Dometeinos’ long beard and his thick, luxuriant hair recall metropolitan Roman fashions — evident not so much in the length and cut of the hair as in the favored styling of the locks, well-known from Antonine court portraits. He also has the arching eyebrows, heavy upper-eyelids, and almond-shaped eyes of Marcus Aurelius. His priestly headdress is decorated with a series of busts that represent Aphrodite in the centre surrounded by members of the imperial family. Dometeinos belonged to the noble Aphrodisian family of the Antonii Claudii, well-attested at the site. He is grandly described here as ‘law-giver’. Other inscriptions record that he was appointed gymnasiarch for life, overseeing and maintaining the Aphrodisian gymnasion at his own expense; and he was honored for other benefactions to the city too. He was eventually granted the title ‘High Priest of Asia’, thus joining a select group that numbered among its members some of the wealthiest and best-connected families of the province. His statue stood in the north stoa of the Agora beside one of the two main entrances into the Bouleuterion. Beside the other entrance stood the statue of Tatiane, Dometeinos’ niece, on a near-identical base.

Tatiane

The statue represents a leading local woman, Claudia Tatiane Antonia, who was active at Aphrodisias and in the province of Asia in the late second and early third century. The statue is identified by the tall inscribed base on which it stood immediately to the right of the easternmost entrance to the Council House, inside the double stoa of the Agora. The statue was paired with the monument of Tatiane’s uncle, Dometeinos.

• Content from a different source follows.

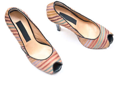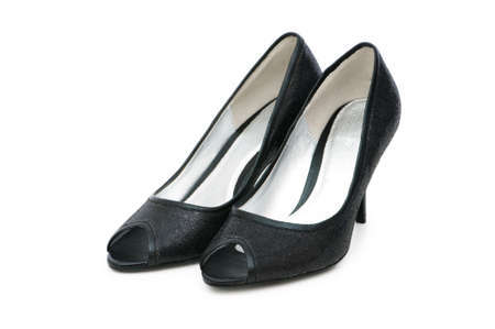 Black suede high-heeled shoes isolated on white background. place for text. concept of fashion, style.

The figure wears a thin dress (chiton), a mantle (himation), sandals, and an open-work crown. A small figure of Eros once stood on the base beside her. It is now broken off and only its feet remain. The Eros and the thin dress allude to the subject’s beauty and desirability. The hairstyle follows contemporary imperial fashion closely: it is close to the wig-like hairstyles worn by women of the Severan imperial family in Rome. The moulded plinth is elegantly carved and bears the signature of the statue’s maker, one Alexander son of Zenon.